_SUPPLIED DATA_
----------

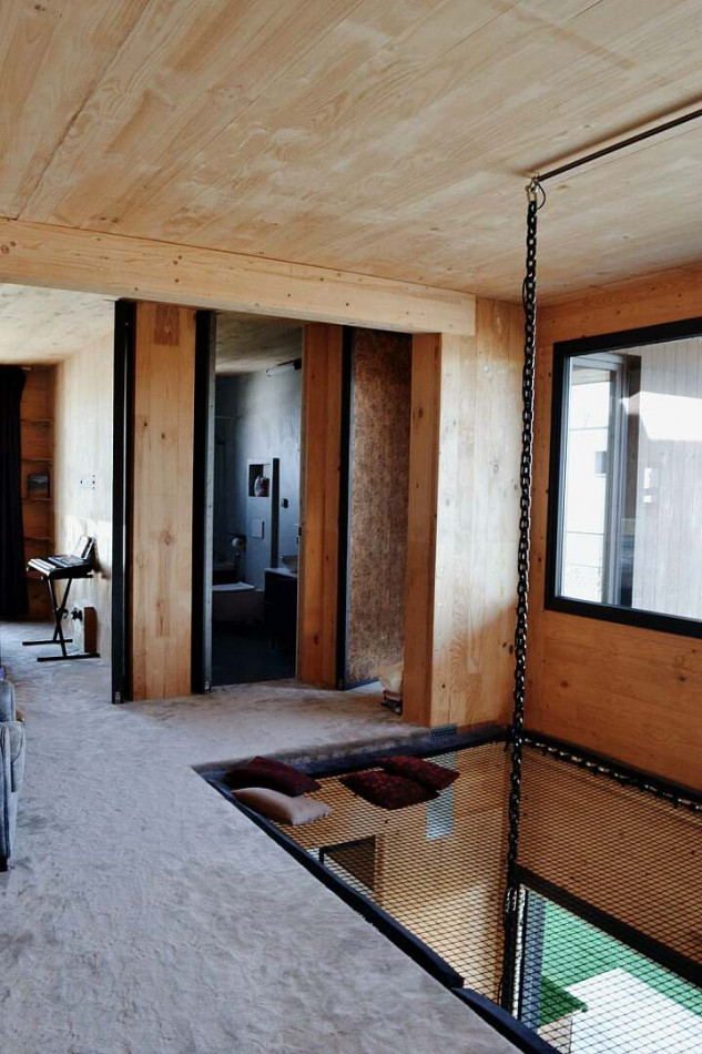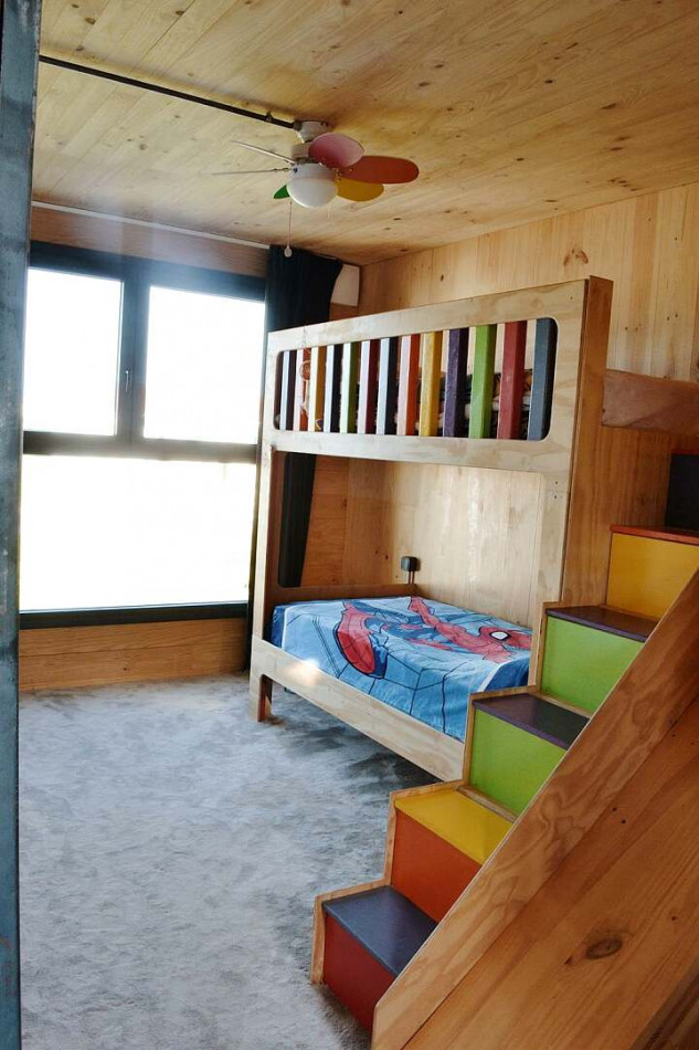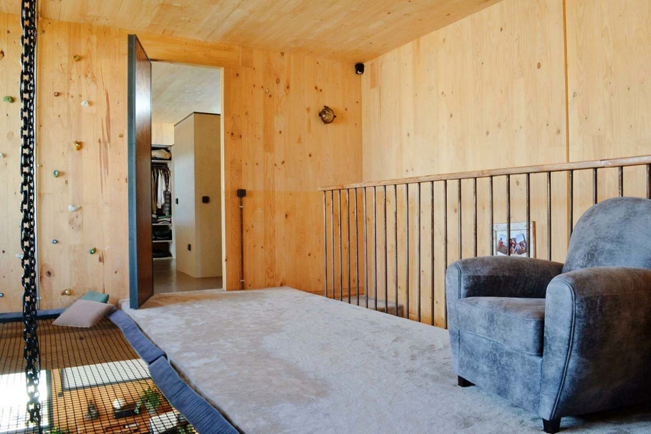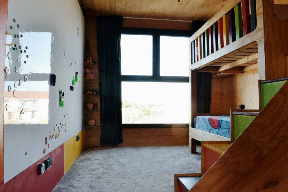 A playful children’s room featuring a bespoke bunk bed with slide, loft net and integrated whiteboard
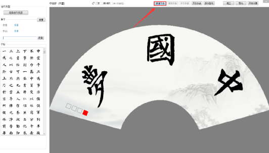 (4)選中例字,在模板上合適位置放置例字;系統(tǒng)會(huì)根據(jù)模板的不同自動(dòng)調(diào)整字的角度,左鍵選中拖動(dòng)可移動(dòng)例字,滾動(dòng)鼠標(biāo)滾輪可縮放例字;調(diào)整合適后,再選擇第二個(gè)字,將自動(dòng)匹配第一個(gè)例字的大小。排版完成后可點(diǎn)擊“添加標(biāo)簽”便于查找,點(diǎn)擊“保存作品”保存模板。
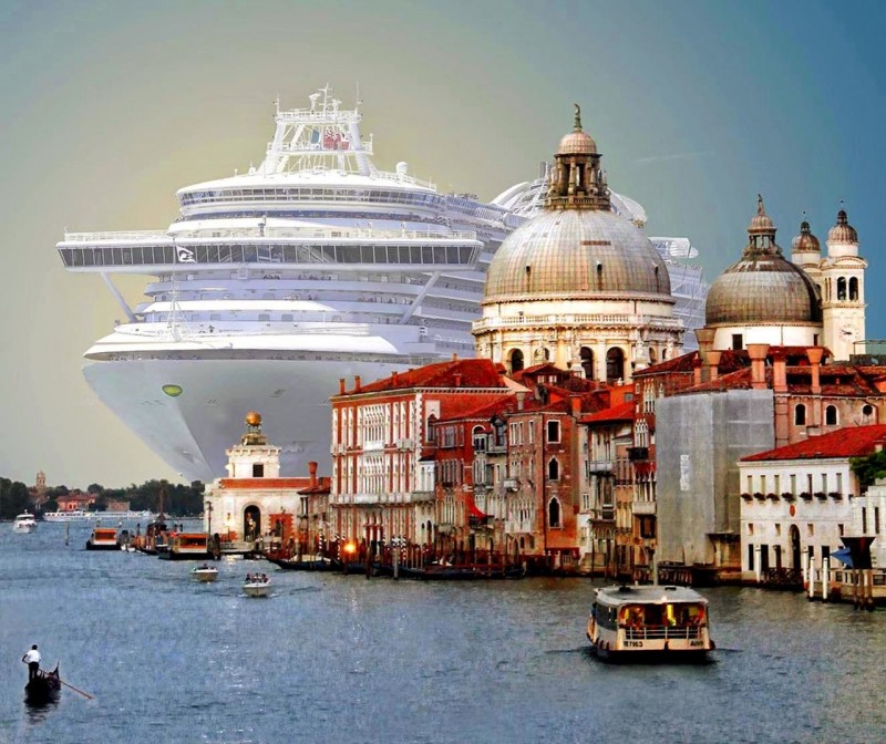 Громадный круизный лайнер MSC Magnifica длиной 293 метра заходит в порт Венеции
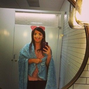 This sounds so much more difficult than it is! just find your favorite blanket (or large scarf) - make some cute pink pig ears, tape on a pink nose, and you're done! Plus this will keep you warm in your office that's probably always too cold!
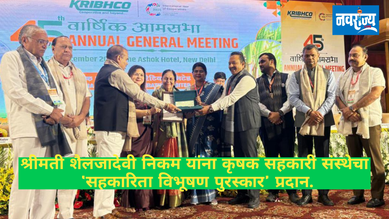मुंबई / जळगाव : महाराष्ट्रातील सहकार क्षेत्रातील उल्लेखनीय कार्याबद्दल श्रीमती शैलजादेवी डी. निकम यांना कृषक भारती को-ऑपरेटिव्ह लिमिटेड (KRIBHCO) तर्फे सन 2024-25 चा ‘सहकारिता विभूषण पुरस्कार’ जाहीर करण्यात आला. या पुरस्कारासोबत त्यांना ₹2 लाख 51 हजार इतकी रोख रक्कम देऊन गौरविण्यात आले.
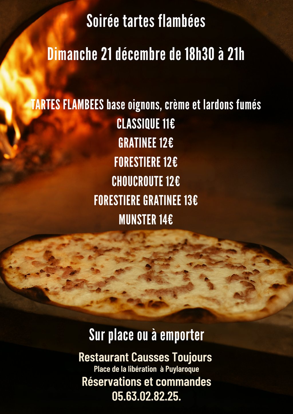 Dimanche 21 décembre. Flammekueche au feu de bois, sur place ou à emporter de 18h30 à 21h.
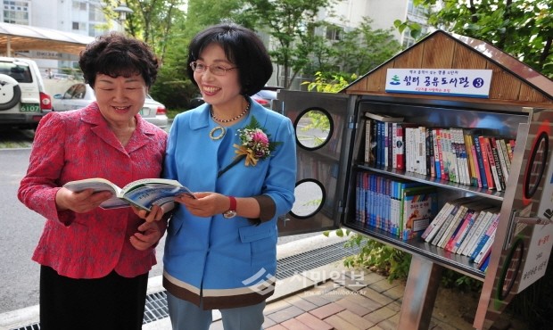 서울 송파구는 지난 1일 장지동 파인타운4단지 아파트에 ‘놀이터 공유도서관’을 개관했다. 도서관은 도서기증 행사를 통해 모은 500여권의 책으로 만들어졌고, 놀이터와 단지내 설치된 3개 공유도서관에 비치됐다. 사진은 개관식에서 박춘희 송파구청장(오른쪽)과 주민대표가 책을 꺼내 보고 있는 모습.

----------

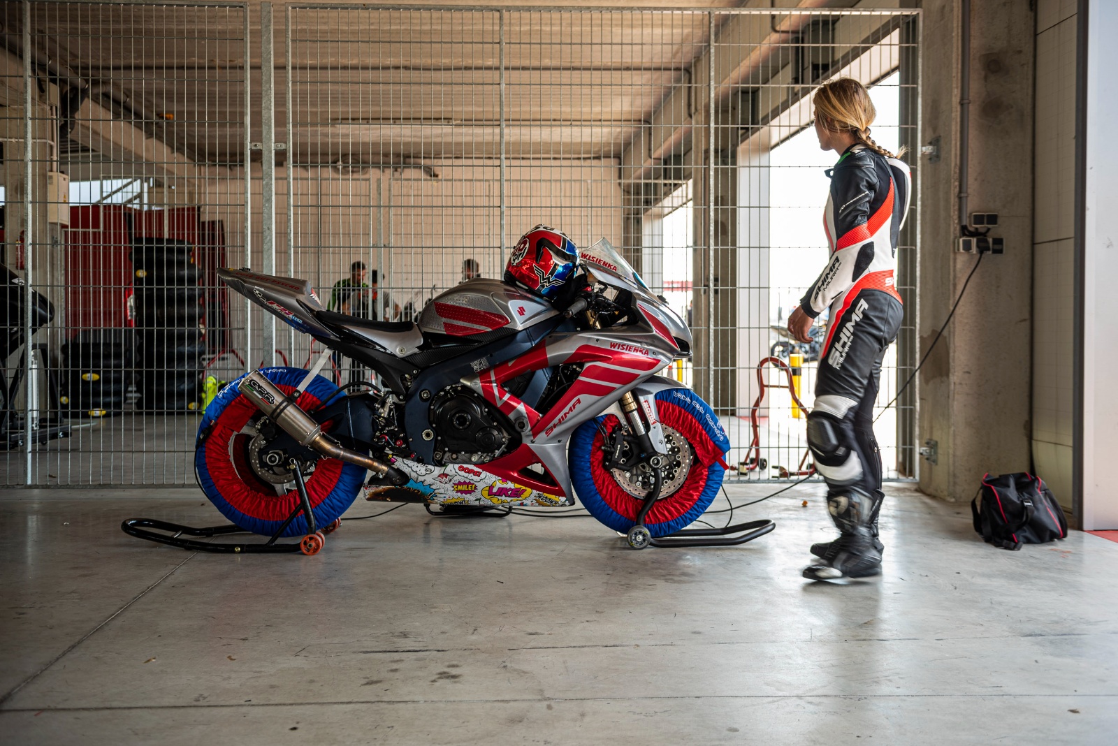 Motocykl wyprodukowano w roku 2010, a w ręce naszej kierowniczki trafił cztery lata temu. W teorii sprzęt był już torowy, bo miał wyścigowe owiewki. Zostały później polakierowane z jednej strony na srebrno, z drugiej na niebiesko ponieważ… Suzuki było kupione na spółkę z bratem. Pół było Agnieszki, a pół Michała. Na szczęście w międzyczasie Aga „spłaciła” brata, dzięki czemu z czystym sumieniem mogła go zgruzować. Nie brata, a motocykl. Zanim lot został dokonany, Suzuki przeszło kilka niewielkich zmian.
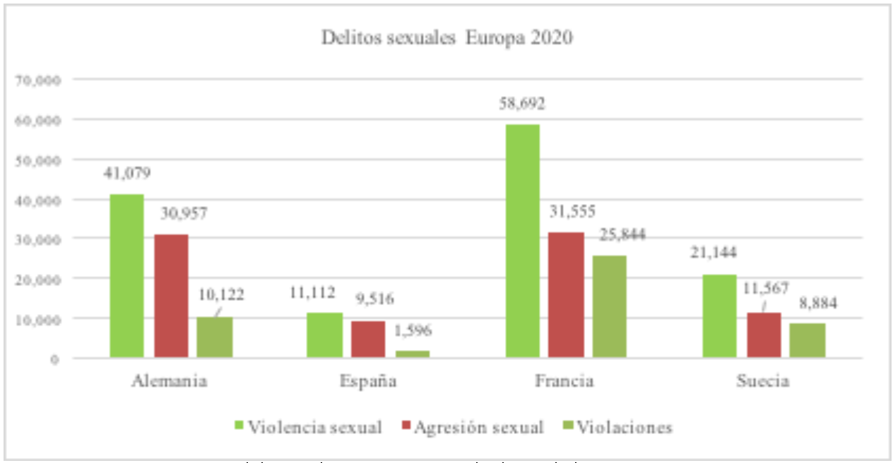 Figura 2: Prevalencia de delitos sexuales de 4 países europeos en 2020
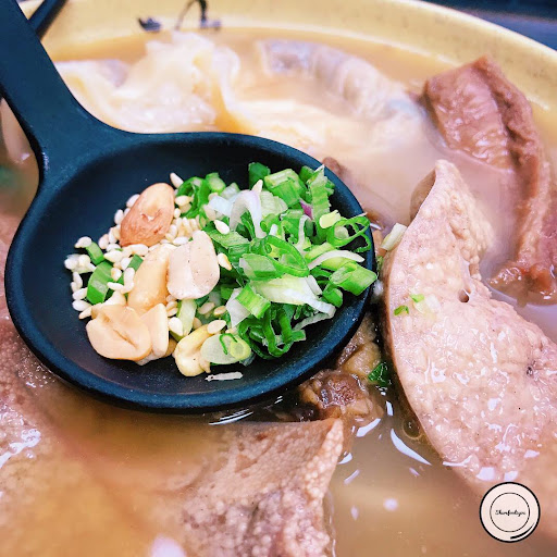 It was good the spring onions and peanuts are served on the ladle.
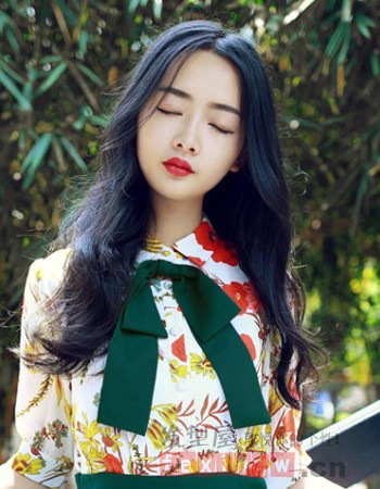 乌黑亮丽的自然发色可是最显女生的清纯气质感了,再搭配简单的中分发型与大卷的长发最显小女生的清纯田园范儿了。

----------

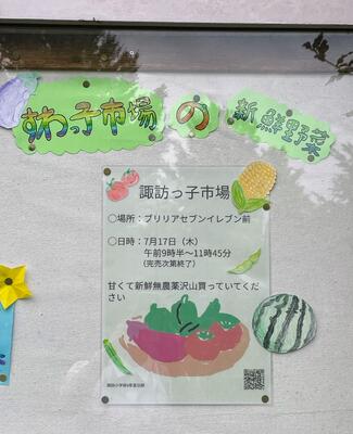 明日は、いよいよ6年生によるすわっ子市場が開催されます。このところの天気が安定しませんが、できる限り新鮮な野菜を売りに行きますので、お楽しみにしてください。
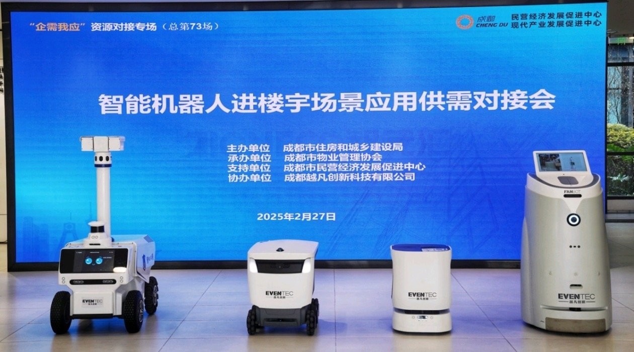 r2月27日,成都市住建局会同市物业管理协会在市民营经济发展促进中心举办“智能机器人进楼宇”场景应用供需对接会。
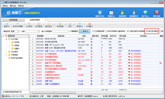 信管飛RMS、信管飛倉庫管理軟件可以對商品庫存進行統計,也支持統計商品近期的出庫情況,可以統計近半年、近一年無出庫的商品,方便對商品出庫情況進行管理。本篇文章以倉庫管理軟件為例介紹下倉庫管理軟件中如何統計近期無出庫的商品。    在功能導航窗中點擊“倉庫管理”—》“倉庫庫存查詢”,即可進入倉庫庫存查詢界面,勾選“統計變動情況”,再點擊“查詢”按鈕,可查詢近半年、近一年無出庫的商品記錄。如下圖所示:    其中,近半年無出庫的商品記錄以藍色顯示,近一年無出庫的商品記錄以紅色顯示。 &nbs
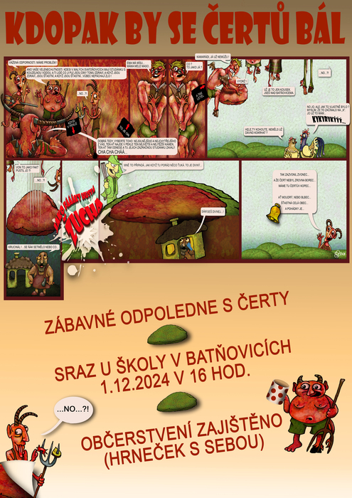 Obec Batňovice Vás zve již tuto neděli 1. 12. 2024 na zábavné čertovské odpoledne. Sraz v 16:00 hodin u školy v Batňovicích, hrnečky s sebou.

----------

_PROBLEM DETAILS_
Nothing but the lines above from the line with "It was good" up to and including the line with "乌黑亮丽的自然发色可是最显女" should be returned, exactly as written and without pictures.

_ANSWER SECTION_
 It was good the spring onions and peanuts are served on the ladle.
 乌黑亮丽的自然发色可是最显女生的清纯气质感了,再搭配简单的中分发型与大卷的长发最显小女生的清纯田园范儿了。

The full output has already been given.